Description and Operation
The device includes strain gauges mounted with an accelerometer and connected to a microcontroller and a battery. The researchers chose to apply it on the nail because its surface is hard and can provide good adhesion. Stability of the device is crucial because it ensures the detection of several parameters. The gauges are placed on the nail, on the part of the finger that is responsible for haptic perception. It is also an area connected to the palm of the hand that performs the gripping action. Whenever a hand gesture is made, the nail distorts very slightly, by a few microns. This distortion, invisible to the naked eye, is measured by the strain gauges. The accelerometer is a sensor that measures linear acceleration and it is used to measure hand movement and speed. The microcontroller, positioned on the skin of the finger, is used to collect data from the accelerometer and gauges. It also plays the role of antenna, sending the data to the watch. The watch, in turn, sends its results to a cloud database. It uses machine learning to evaluate bradykinesia, tremors and dyskinesia, symptoms of Parkinson’s disease.

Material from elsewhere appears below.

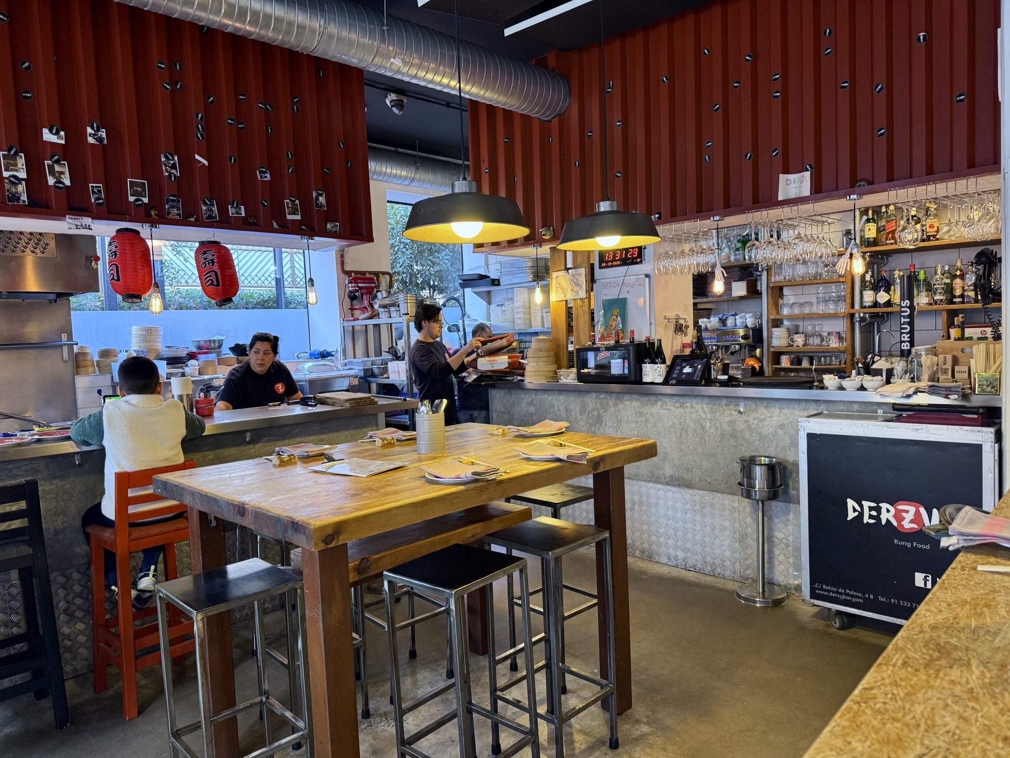 En Derzu Bar (Barajas. Madrid), símil de una taberna asiática, la carta es breve, los precios amables y el ambiente desenfadado. A ritmo incesante una música techno acompaña a recetas orientales que se elaboran al momento. Detrás de su minúscula barra abierta al pequeño comedor de la que fluyen llamaradas del wok, deambulan tres risueños profesionales, Diego, César y Geraldine. En sus platos, de corte callejero y presentaciones previsibles, asoman productos y sabores de España, China, Tailandia y Japón. Todo un ejercicio de fusión. En horas punta el ajetreo es incesante y el local se llena a reventar. Sobre mesitas altas con taburetes los comensales optan por las especialidades de la casa. Un desfile de propuestas entre las que no faltan los noodles, los arroces orientales, las costillas asadas, los crispy burger, e incluso los cortes de vacío de vacuno mayor.

Tests have shown that the system can recognize activities performed by the patient, which involve pronation and supination, such as turning a key or a door handle or using a screwdriver. It can also detect a more complex activity like writing with the finger.
The study entitled “Wearable Nail Deformation Sensing for Behavioral and Biomechanical Monitoring and Human-Computer Interaction” was published in Scientific Reports on December 21, 2018. It was co-authored by Katsuyuki Sakuma, Avner Abrami, Gaddi Blumrosen, Stanislav Lukashov, Rajeev Narayanan, Joseph W. Ligman, Vittorio Caggiano and Stephen J. Heisig.